In the data below, find the line containing "تحت إشراف وزارة" and the line containing "Materiál lze využít", then reproduce them and every line between, exactly. Omit pictures.

» **DATASET**:
*** Block opens ***
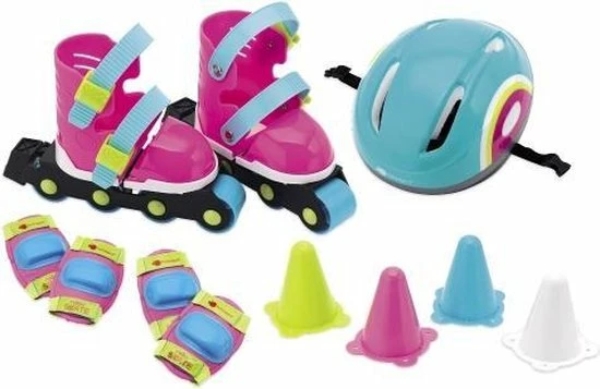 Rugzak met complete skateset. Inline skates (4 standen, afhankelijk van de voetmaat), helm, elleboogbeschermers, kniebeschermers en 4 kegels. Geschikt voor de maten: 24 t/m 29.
*** Block closes ***
*** Block opens ***
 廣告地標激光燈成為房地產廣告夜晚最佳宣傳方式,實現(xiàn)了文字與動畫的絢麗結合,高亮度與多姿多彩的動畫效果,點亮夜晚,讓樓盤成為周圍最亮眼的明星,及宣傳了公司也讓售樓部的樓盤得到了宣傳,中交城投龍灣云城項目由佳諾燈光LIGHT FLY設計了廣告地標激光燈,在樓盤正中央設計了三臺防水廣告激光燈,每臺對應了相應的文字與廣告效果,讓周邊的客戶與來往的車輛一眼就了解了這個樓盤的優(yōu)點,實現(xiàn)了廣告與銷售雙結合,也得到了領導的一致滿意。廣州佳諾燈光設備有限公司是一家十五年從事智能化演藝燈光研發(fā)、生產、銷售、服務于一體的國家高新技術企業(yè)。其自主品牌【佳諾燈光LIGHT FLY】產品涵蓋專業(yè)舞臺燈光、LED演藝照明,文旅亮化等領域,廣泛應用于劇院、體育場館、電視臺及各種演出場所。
*** Block closes ***
*** Block opens ***
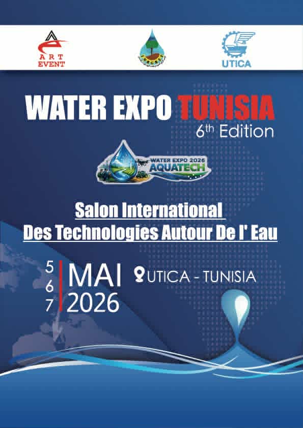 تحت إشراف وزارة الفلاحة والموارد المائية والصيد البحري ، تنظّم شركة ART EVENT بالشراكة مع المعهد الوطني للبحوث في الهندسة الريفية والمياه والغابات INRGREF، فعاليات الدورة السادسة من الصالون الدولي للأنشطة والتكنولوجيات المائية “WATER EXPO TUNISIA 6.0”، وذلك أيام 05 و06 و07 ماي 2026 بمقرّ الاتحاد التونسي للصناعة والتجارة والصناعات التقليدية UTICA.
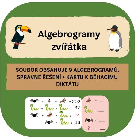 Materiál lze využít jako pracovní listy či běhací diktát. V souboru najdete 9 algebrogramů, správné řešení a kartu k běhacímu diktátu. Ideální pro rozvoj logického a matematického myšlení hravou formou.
*** Block closes ***
» **WORKED SOLUTION**:
 تحت إشراف وزارة الفلاحة والموارد المائية والصيد البحري ، تنظّم شركة ART EVENT بالشراكة مع المعهد الوطني للبحوث في الهندسة الريفية والمياه والغابات INRGREF، فعاليات الدورة السادسة من الصالون الدولي للأنشطة والتكنولوجيات المائية “WATER EXPO TUNISIA 6.0”، وذلك أيام 05 و06 و07 ماي 2026 بمقرّ الاتحاد التونسي للصناعة والتجارة والصناعات التقليدية UTICA.
 Materiál lze využít jako pracovní listy či běhací diktát. V souboru najdete 9 algebrogramů, správné řešení a kartu k běhacímu diktátu. Ideální pro rozvoj logického a matematického myšlení hravou formou.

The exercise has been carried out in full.